FOOTBALL – Convoqué en équipe de France lundi soir pour pallier le forfait d’Elaquim Mangala, Presnel Kimpembe n’arrive pas de nulle part, mais presque. Le défenseur du PSG, âgé de 21 ans, n’a disputé que 17 matchs chez les professionnels, dont 13 de Ligue 1. Focus sur cinq aspects méconnus de sa trajectoire.

  • 1Les équipes de France de jeunes l’ont snobé

    Avant de se voir confier le brassard de capitaine de l’équipe de France Espoirs cet été, Presnel Kimpembe a longtemps cru qu’il ne porterait jamais le maillot bleu. En effet, pendant que ses compères du centre de formation du PSG, Adrien Rabiot et Kingsley Coman, passaient pas tous les échelons (moins de 16, 17 et 18 ans), en étant souvent surclassés, lui devait rester au club, faute d’avoir été sélectionné. « À une époque, personne ne me voyait arriver, confiait-il récemment à L’Équipe. J’ai vécu des moments très difficiles. J’ai toujours cru en moi. Toutes ces épreuves-là m’ont fait grandir, et me donnent la rage aujourd’hui. » Une rage qui lui a permis de, finalement, débouler en Espoirs en septembre 2015. Puis de picorer un temps de jeu croissant à Paris.
  • 2Il est passé à ça de jouer pour la RD Congo

    Entre-temps, le latéral gauche reconverti en défenseur central a porté le maillot de son pays d’origine, la République démocratique du Congo. C’était le 12 octobre 2014, avec les Espoirs, en Autriche… Et puis, la sélection A l'a sollicité en mars 2015 pour participer à un stage à Dubaï. Il refuse alors, conscient qu’une seule minute en match officiel l’empêcherait à jamais de jouer pour la France. Il vient, à l'époque, de signer son tout premier contrat professionnel avec le PSG. « Les Bleus, je ne dirais pas que c’est un monde lointain. En fait, ce n’est pas loin, mais c’est très loin en même temps (rires). J’espère y arriver un jour », lâchait-il en juillet, en ne croyant pas si bien dire.
  • 3Il est sous-payé par le PSG, mais ça ne va pas durer

    Presnel Kimpembe est aujourd’hui un membre à part entière de l’équipe première du PSG. Le club lui a même signifié toute sa confiance en ne recrutant pas de défenseur central après le départ de David Luiz lors du dernier mercato estival. Ce qui explique qu’il vive mal, désormais, de toucher 8000 euros par mois, à comparer aux 250 000 euros mensuels que touche, au même âge, et pour un temps de jeu à présent quasi similaire, son coéquipier Adrien Rabiot. Cet été, il a même laissé planer la menace d’un départ pour convaincre son employeur de l’augmenter, après avoir repoussé, fin juillet, une première offre de prolongation, jugée trop peu élevée.
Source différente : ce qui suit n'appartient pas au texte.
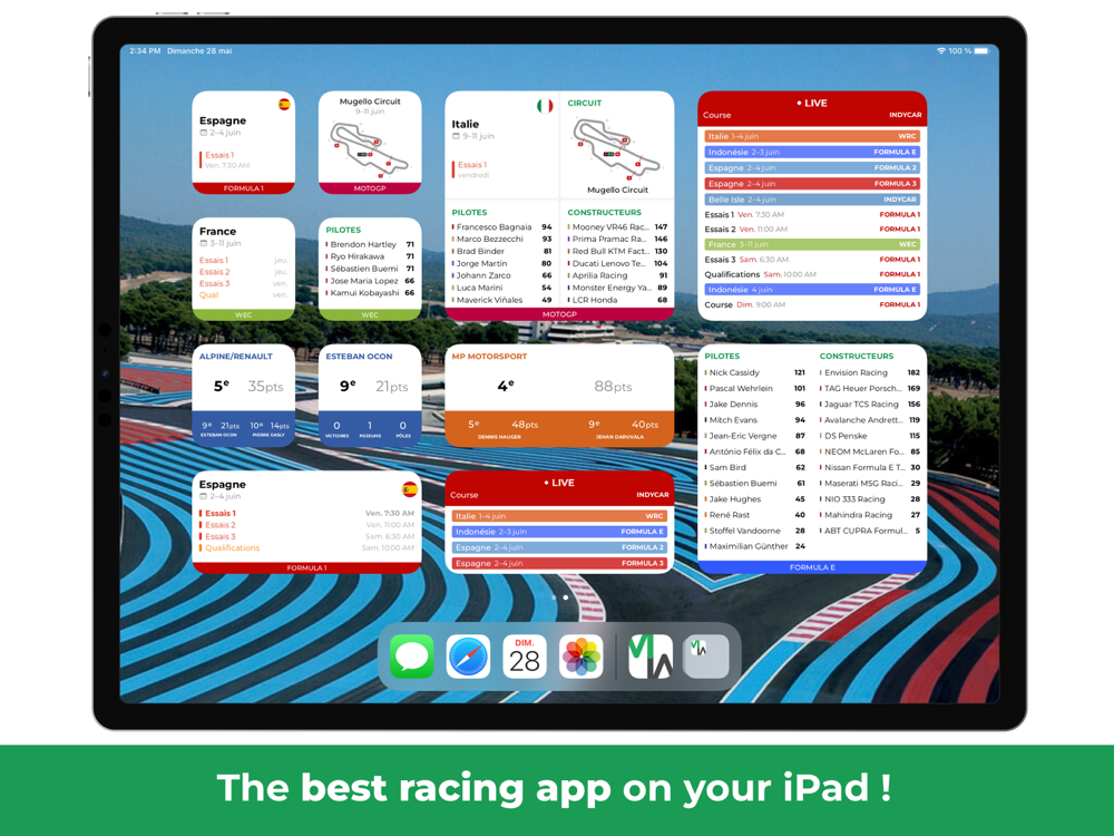 Several categories available : Formula 1, Formula2, Formula3, FormulaE, IndyCar, MotoGP, Moto2, Moto3, WSBK, WEC, ELMS, WRC and ERC (and more are coming !)
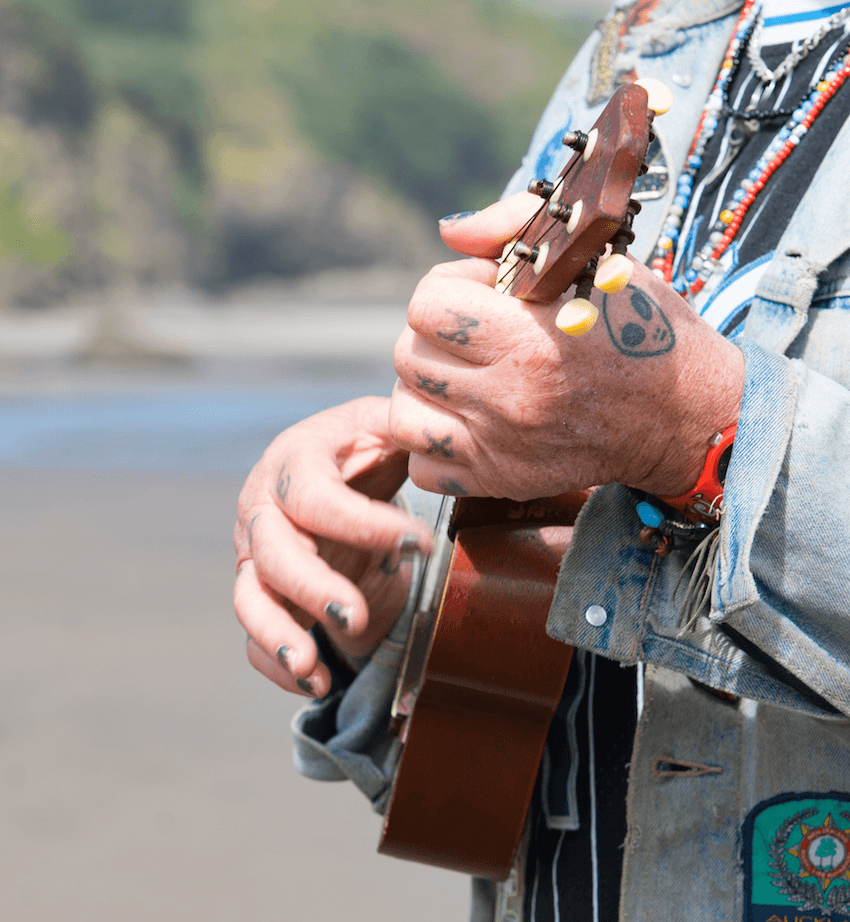 Then, from somewhere in the distance, the sound of a ukulele reached my ears. Looking up, I was presented with a man further up the beach, enthusiastically stomping his heavily booted foot while he played the ukulele. A few metres away, I noticed movement.

Cette convocation en équipe de France devrait ainsi convaincre une bonne fois pour toutes le PSG de mettre la main à la poche.
  • 4Ses coéquipiers lui prédisent un avenir radieux

    Presnel Kimpembe, ce sont sans doute ses coéquipiers qui en parlent le mieux. Le capitaine, Thiago Silva, l’a pris sous son aile, lui montrant parfois des vidéos sur son téléphone pour l’aider à améliorer son placement. Voici ce que déclarait Maxwell, en tout début de saison, à son sujet : « Il a beaucoup de qualités. Il joue proche de moi donc j’essaye de parler beaucoup avec lui, de lui donner des conseils. Je pense qu’il a un avenir énorme. » Et puis, début septembre, la nouvelle recrue, Thomas Meunier, a dit ceci : « Il est exceptionnel, lui ! J'adore son style de jeu ! Si je devais le comparer à quelqu'un, ce serait volontiers à Kompany. Quand il est sorti d'Anderlecht, il a tout de suite fait l'unanimité. Et Presnel a cette élégance, cette facilité, c'est vraiment un joueur moderne, il veut toujours construire de derrière. » Quant à Unai Emery, il estimait, une semaine plus tard, que « Kimpembe reste sur de grandes prestations. Je suis content de lui. Il doit grandir individuellement avec l’équipe, pour le bien du PSG ».
  • 5Il passe toutes ses vacances avec Kingsley Coman

    Et pour cause : c’est son meilleur ami. Leur relation va donc bien au-delà du foot (et des teintures blondes). « Franchement, ça m’a fait mal de le voir partir, parce que c’est "mon gars", Kingsley ! Ça m’a fait vraiment bizarre. On était ensemble depuis les poussins, ça faisait un bail. On se connaît depuis l'âge de 8 ans. Surtout qu’il est parti à l’étranger. Ce n’est pas comme s’il était resté en France » , lâchait-il en mars. Les voici de nouveau réunis depuis lundi soir, dans le château de Clairefontaine.